Test description | Example assay name CAA antigen assay | Biological matrixa | Sample required (μL)b | Maximum sample input (μL)c |
---|---|---|---|---|
20 μL assay – antigen | SCAA20 | serum | 50 | 20 |
0·5 mL assay – antigen | SCAA500 | serum | 600 | 500 |
4 mL assay – antigen | SCAA4000 | serum | 5000 | 4000 |
20 μL assay – antigen | UCAA10 | urine | 50 | 10 |
0·5 mL assay – antigen | UCAA250 | urine | 500 | 250 |
4 mL assay – antigen | UCAA2000 | urine | 2500 | 2000 |
15 mL assay – antigen | UCAA7500 | urine | 10000 | 7500 |
20 μL assay – antigen | SalCAA15 | saliva – Salivette | 1 salivette | 15 |
0·5 mL assay – antigen | SalCAA375 | saliva – Salivette | 1 salivette | 375 |
20 μL assay – antigen | WMSalCAA10 | saliva – WMSS | 50 | 10 |
0·5 mL assay – antigen | WMSalCAA250 | saliva – WMSS | 500 | 250 |
4 mL assay – antigen | WMSalCAA2000 | saliva – WMSS | 4000 | 2000 |
Test description | Example assay name SEA antigen assay | Biological matrix | Sample required (μL)d | Sample input (μL)e |
---|---|---|---|---|
antibody | SAbSEA | serum | 1 | 0·1 through 4 |
antibody | UAbSEA | urine | 1 | 1 through 20 |
antibody | SalAbSEA | saliva – Salivette | 1 salivette | 1 through 20 |
antibody | WMSalAbSEA | saliva – WMSS | 1 | 1 through 20 |
Serum and urine collection is standardized. Saliva collection, however, is quite variable; different saliva collectors are available (Malamud et al. 2005; Corstjens and Malamud, 2008) and also saliva can be collected from different parts of the mouth. Currently assays are evaluated using either whole mouth-stimulated saliva (clarified by centrifugation) or saliva collected using Salivette collectors (SARSTEDT AG & Co.).

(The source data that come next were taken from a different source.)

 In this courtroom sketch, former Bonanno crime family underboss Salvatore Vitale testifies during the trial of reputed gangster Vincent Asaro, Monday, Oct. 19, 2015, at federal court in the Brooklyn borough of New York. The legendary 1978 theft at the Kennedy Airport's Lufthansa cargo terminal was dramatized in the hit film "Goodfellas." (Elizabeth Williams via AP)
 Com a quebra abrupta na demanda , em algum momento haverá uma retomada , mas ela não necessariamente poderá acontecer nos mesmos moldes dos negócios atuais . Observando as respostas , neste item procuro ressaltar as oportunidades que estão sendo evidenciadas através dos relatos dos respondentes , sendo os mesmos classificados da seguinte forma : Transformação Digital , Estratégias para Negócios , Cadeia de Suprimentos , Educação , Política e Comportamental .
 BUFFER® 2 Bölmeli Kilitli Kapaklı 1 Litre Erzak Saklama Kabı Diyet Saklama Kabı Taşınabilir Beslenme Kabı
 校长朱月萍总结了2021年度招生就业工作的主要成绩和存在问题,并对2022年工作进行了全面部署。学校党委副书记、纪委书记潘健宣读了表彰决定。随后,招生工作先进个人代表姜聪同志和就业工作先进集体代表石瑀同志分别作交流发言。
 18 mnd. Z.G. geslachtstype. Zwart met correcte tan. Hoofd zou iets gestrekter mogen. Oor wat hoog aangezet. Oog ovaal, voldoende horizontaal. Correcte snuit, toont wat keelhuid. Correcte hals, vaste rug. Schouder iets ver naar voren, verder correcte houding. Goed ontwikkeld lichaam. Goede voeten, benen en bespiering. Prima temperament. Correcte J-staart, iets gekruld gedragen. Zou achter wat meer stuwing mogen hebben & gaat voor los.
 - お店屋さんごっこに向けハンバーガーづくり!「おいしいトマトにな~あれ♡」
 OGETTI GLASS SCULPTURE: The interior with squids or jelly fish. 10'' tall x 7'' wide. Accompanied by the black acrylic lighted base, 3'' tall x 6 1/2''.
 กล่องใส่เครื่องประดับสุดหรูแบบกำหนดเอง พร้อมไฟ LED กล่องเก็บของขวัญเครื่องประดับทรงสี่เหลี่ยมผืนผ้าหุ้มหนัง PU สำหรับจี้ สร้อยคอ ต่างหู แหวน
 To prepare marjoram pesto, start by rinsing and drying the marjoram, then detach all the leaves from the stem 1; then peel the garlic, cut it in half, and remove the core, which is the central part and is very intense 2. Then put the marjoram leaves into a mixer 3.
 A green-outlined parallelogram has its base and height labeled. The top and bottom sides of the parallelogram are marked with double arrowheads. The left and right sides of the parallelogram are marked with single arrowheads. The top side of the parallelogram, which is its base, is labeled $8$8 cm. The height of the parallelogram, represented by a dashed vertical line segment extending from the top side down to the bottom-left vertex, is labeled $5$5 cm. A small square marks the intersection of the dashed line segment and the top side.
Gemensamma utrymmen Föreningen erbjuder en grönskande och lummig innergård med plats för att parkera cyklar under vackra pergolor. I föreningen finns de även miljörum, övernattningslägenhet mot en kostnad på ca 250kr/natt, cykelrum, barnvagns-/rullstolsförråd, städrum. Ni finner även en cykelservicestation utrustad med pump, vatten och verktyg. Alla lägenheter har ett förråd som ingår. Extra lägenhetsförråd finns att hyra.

The required sample amount is the volume needed to ensure maximum sample input. The minimum requested sample volume is 50 μL; this allows convenient sample handling (transport and storage) and extraction of the sample with TCA.

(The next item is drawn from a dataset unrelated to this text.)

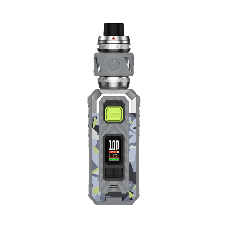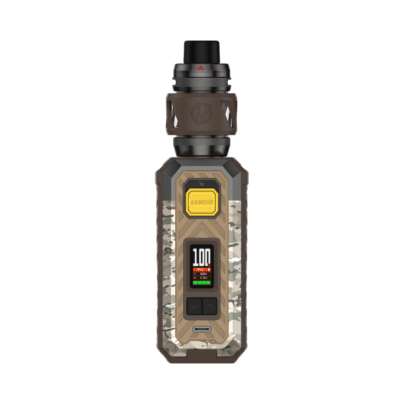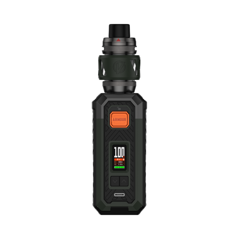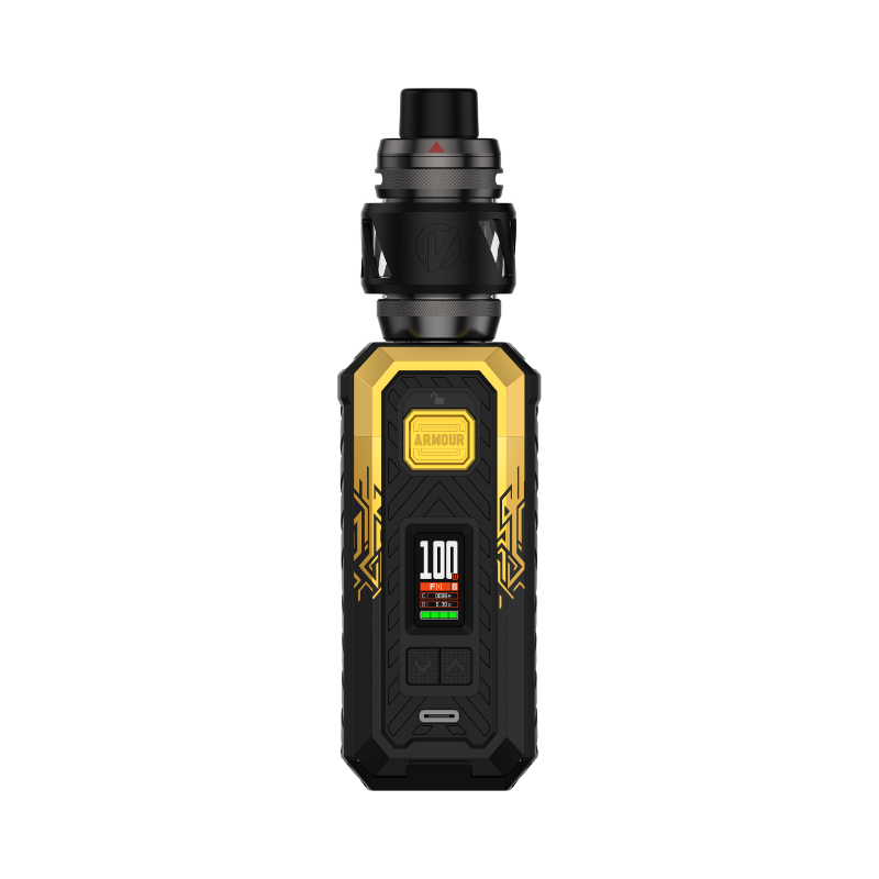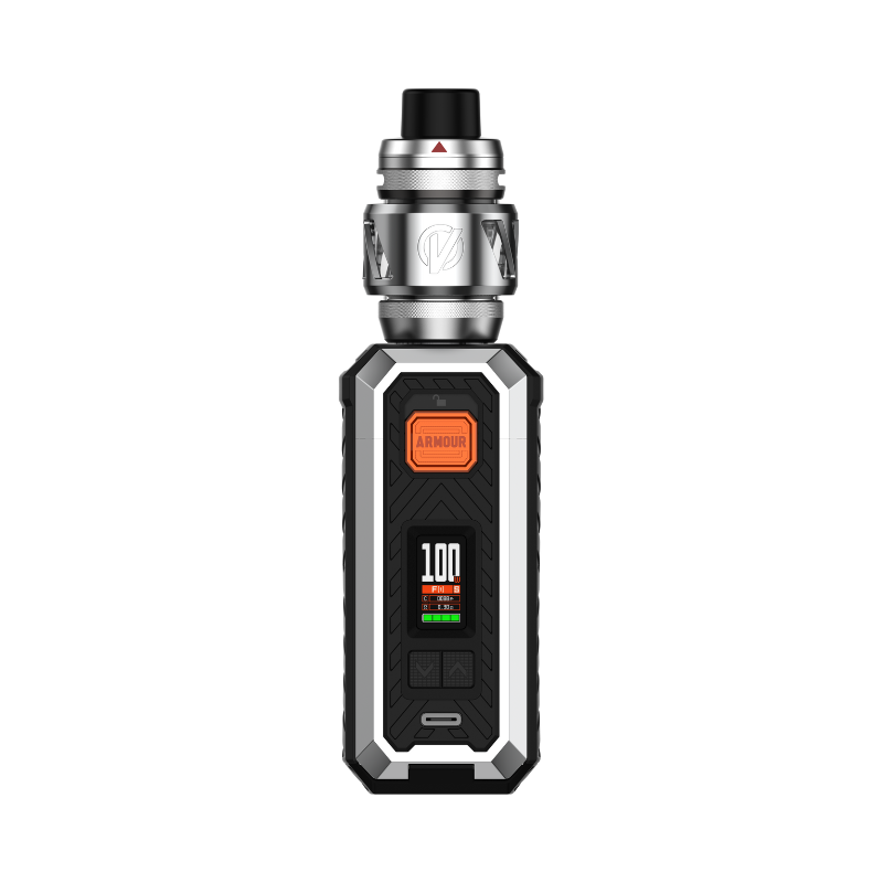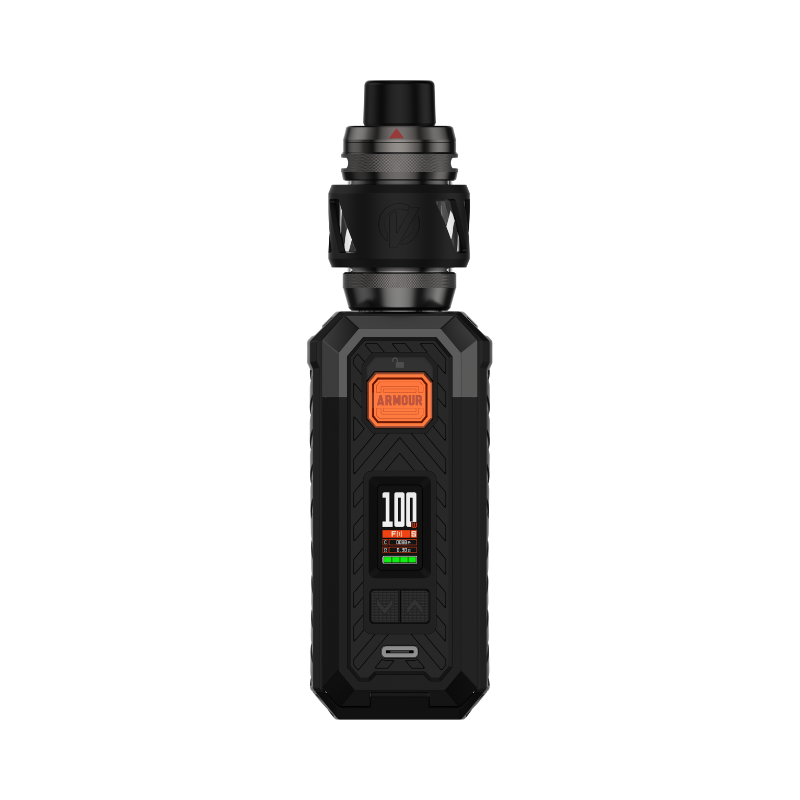 The Armour S Kit (little sister of the Armour Max Kit) from Vaporesso works with a 21700 or 18650 Accu (not supplied) and develops up to 100W of power. The Kit is sold with Vaporesso's 6mL Ato iTank T and is compatible with the brand's GTi coils.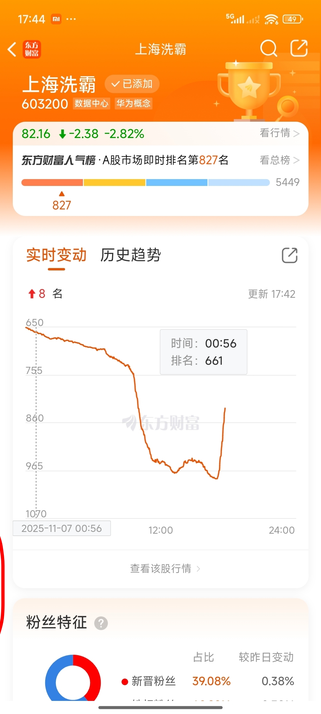 $上海洗霸(SH603200)$ 排名直线上升

The maximum sample input translates to the maximum volume of the biological matrix (relating to the CAA concentration) that is actually used in the assay. Lower amounts are feasible but will affect the lower limit of detection (note: high infection grades may require 10- or 100-fold dilution of the sample). Higher amounts are possible when using the 500, 4000 and 15000 concentration devices; this requires reloading of the devices which can be done multiple times. Note that for urine the actual sample input is only half that of serum; a consequence of the fact that TCA extraction of serum samples generates a large pellet (about 50% of the total volume), whereas urine commonly generates only a small pellet. The composition of saliva is quite variable and TCA extractions in general generate a larger pellet than observed for urine samples, but significantly less than the serum samples.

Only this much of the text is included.